Saturday, September 6, 2008

Look Monkey, Look!

So, while we are temporarily hypnotized by Governor Gidget, Mountain Woman, the Huffington Post asserts in this article that the Fed will be taking over Freddie Mac and Fannie Mae, as soon as this weekend.

Why should you look up from CSPAN long enough to pay attention to this? Well, here is another $5.5 TRILLION for your consumption. But wait, aren't FM and FM private corporations? Doesn't the Republican ideology, if we can call our parties ideological, shirk the government regulatory bodies in favor of free-market, balls-out money grubbing? Well, yes. The GOP opposes "big government" and the presence of regulatory bodies in the economic system. It is the party of Big Business, as well as the small business owners, who make up 80% of the business out there. So why, then, is the Fed bailing out private companies?

Because if they don't, we're finished. Greater Depression, anyone?

Freddie and Fannie, silly names aside, are liable for $5.5 trillion in mortgages. The way the subprime crisis works is that the mortgage lenders sold very risky loans to people who, on the whole, could not afford them. These loans were then bundled into CDO's (collateralized debt obligations) which were shadily rated A+ and then sold in parcels to pretty much every major bank anywhere. Banks who hold mortgages use those as assets against which they can borrow. As people began to default on, or not pay, their mortgages, the CDO's had nothing to back them, resulting in the banking failures we're been scratching our heads over since the beginning of the year.
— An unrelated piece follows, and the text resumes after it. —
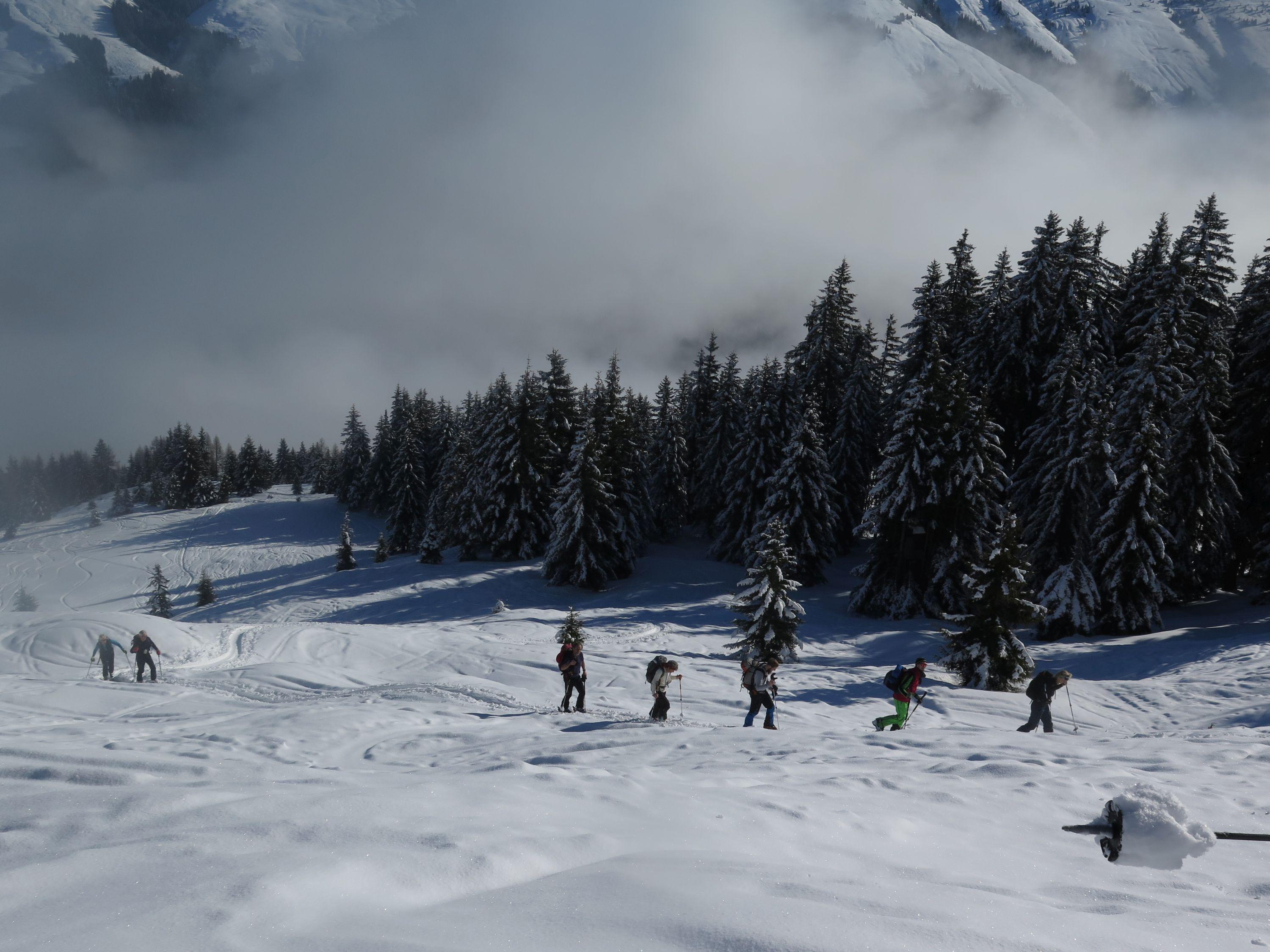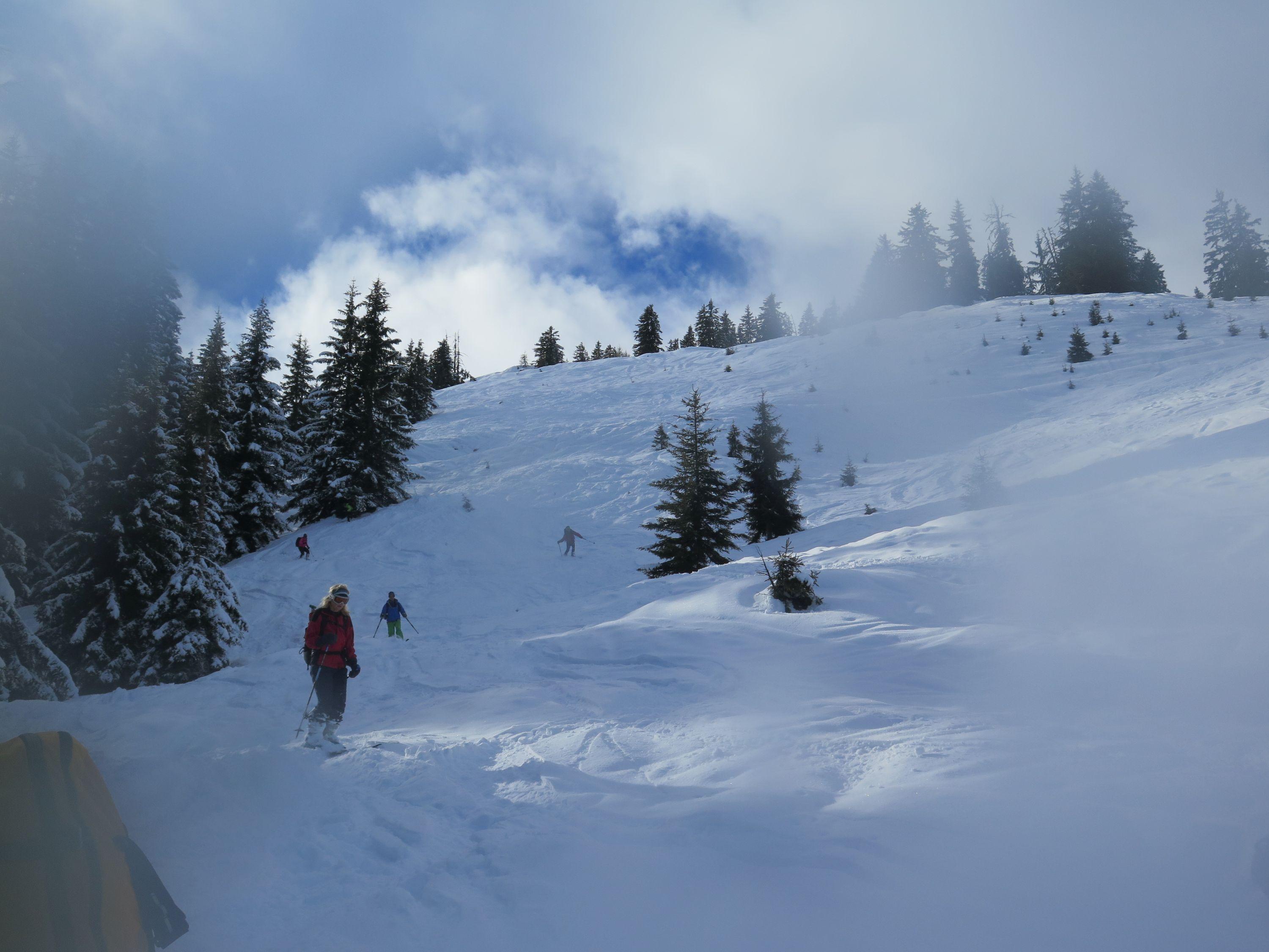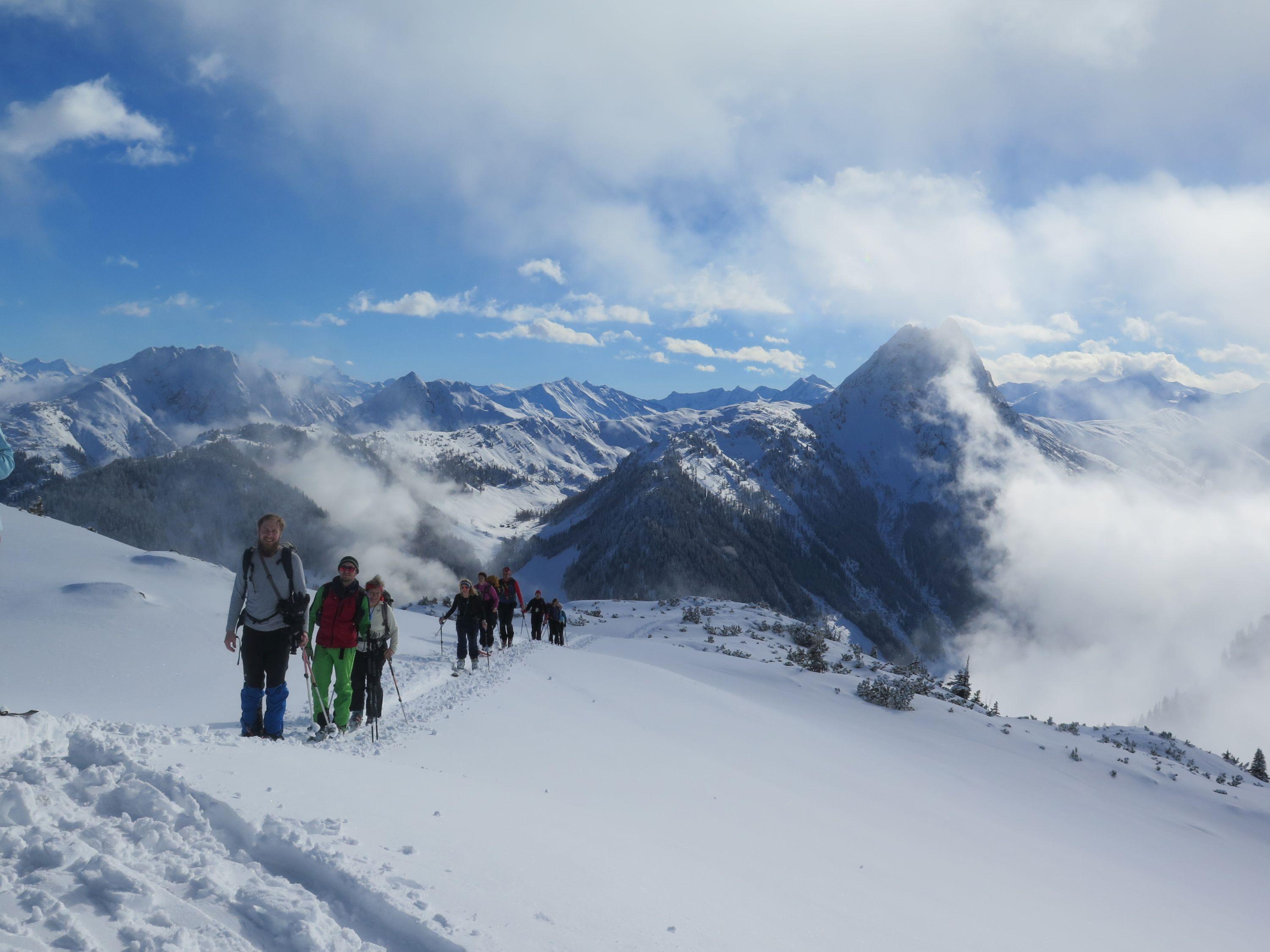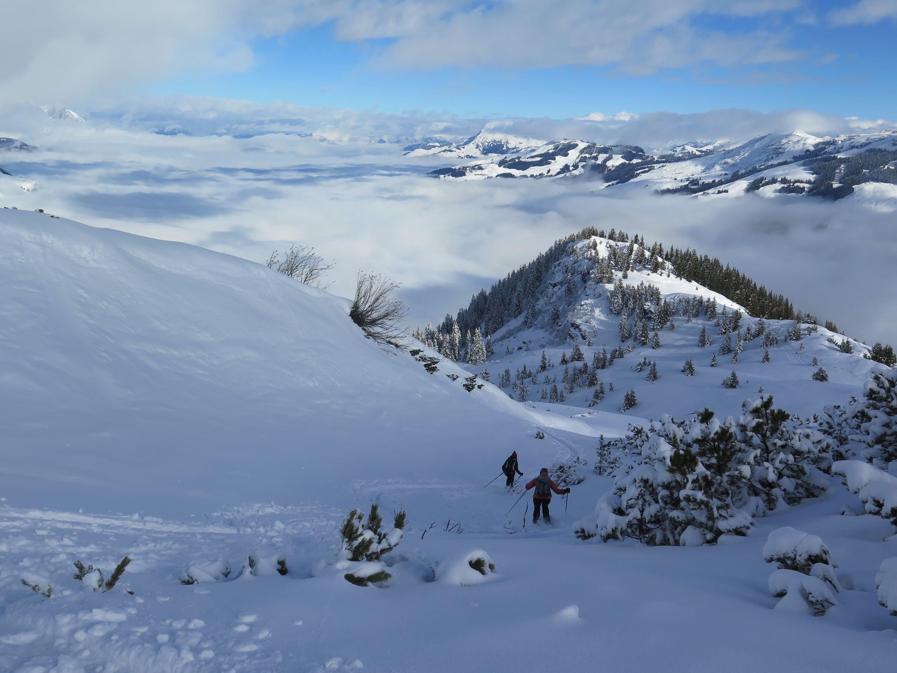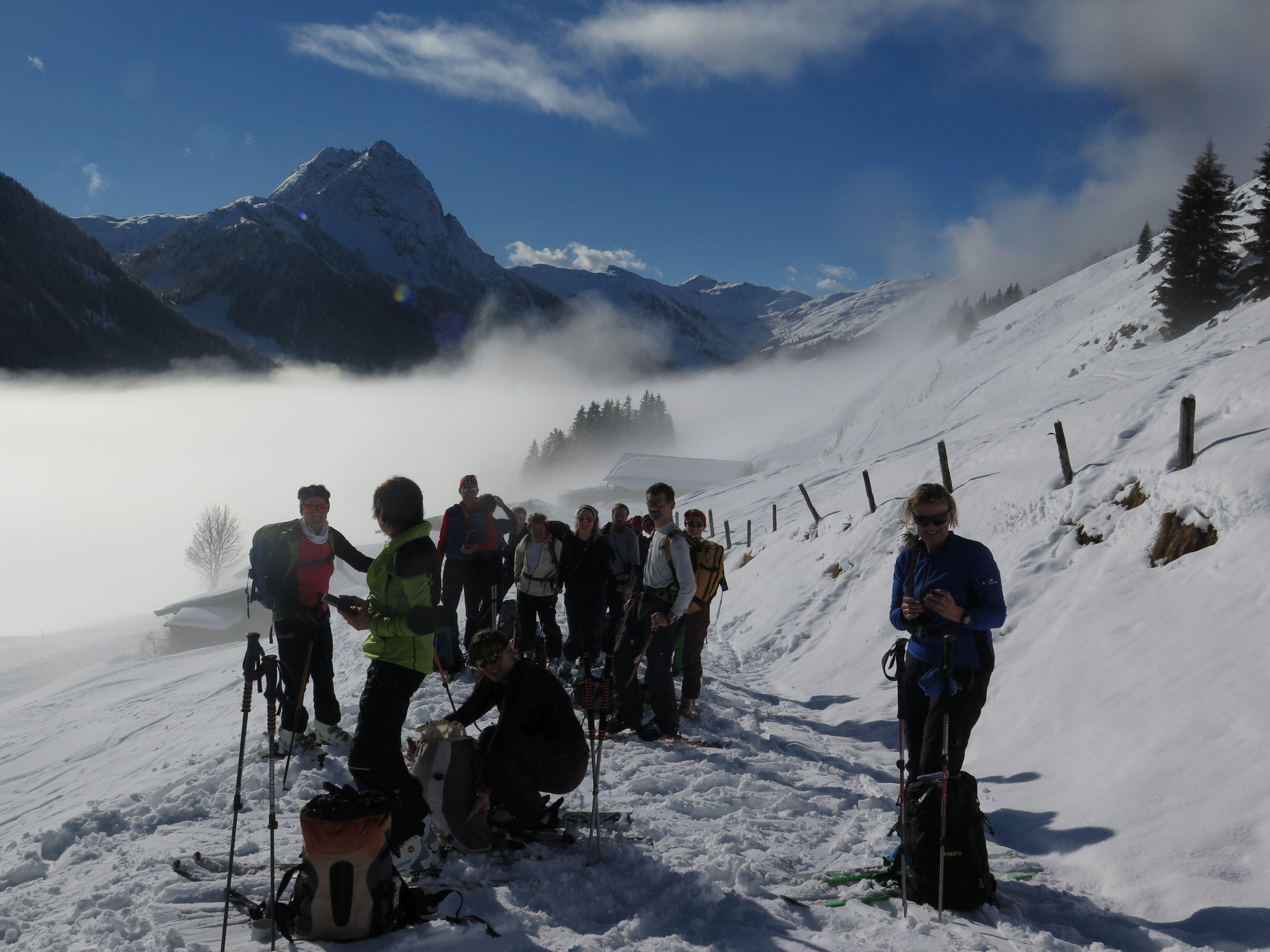Nach den gestrigen Niederschlägen, vorwiegend Regen und morgentlichem Nebelmeer steigen wir zur Durach-Hochalm. Überraschend strahlt die Sonne, die uns bis zum Breitlabkopf begleitet. Neuschnee ab 1500m ca. 20cm, ab 2000m dichter Nebeleinfall. Abfahrt: Großteils gut, schwerer Schnee nur ganz herunten.( zenzi)

FM and FM hold, according to Bloomberg, almost half of all mortgages in the country. Basically, if they fold, $5 trillion is flushed away, leaving the country in shambles, ruined and broke.

As I write this, an article on Bloomberg.com is announcing that Henry Paulson, Treasury Secretary and a man who looks like he could break your skull, will be placing FM and FM into "Conservatorship," and kick their CEO's to the side. Each quarter, the Fed will inject money into the companies as the losses dictate, meaning avoiding a huge taxpayer payout up front.